WORK ORDER:
Repeat exactly the lines of the entries below from the one with "第36届中国电影金鸡奖主视觉海报" through the one with "据了解，中国金鸡百花电影节暨", both ends included, and nothing else.

DATA TO EXAMINE:
--------
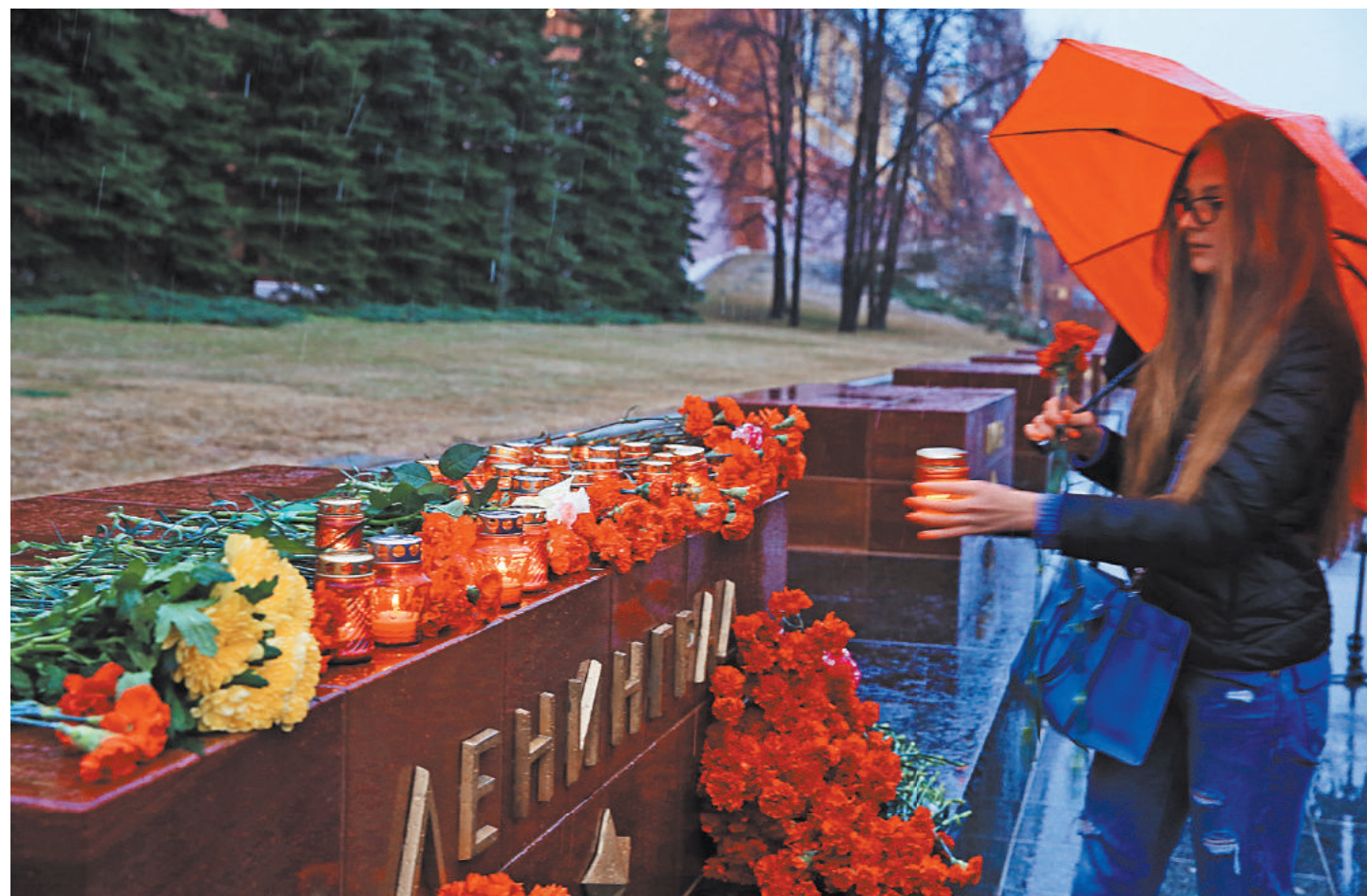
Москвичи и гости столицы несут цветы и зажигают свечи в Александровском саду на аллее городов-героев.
--------
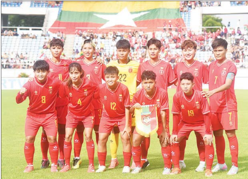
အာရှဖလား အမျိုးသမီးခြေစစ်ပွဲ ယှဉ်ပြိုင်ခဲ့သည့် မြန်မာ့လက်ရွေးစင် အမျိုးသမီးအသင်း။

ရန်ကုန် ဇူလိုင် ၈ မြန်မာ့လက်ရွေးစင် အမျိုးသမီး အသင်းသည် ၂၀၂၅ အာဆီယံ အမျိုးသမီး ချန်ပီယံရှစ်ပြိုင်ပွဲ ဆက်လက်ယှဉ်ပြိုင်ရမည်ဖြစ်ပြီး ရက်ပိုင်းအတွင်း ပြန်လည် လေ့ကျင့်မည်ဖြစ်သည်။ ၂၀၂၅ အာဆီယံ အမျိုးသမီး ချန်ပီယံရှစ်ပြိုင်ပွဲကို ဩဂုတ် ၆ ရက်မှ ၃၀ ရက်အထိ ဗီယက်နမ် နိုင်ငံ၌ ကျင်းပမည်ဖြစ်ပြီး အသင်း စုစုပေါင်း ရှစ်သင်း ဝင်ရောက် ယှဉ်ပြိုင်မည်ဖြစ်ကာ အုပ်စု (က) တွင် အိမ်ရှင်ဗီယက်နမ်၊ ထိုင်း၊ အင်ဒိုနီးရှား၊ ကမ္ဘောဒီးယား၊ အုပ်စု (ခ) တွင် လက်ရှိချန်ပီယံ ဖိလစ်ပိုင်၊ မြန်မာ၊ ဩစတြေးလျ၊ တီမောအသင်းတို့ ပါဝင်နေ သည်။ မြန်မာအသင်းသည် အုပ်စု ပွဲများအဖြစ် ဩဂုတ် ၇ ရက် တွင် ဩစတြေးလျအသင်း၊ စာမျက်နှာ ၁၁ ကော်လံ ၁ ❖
--------
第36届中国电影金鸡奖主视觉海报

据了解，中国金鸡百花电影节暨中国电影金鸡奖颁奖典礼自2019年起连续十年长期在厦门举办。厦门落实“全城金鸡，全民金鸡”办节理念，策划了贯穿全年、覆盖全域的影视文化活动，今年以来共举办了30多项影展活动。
--------
ANSWER:
第36届中国电影金鸡奖主视觉海报

据了解，中国金鸡百花电影节暨中国电影金鸡奖颁奖典礼自2019年起连续十年长期在厦门举办。厦门落实“全城金鸡，全民金鸡”办节理念，策划了贯穿全年、覆盖全域的影视文化活动，今年以来共举办了30多项影展活动。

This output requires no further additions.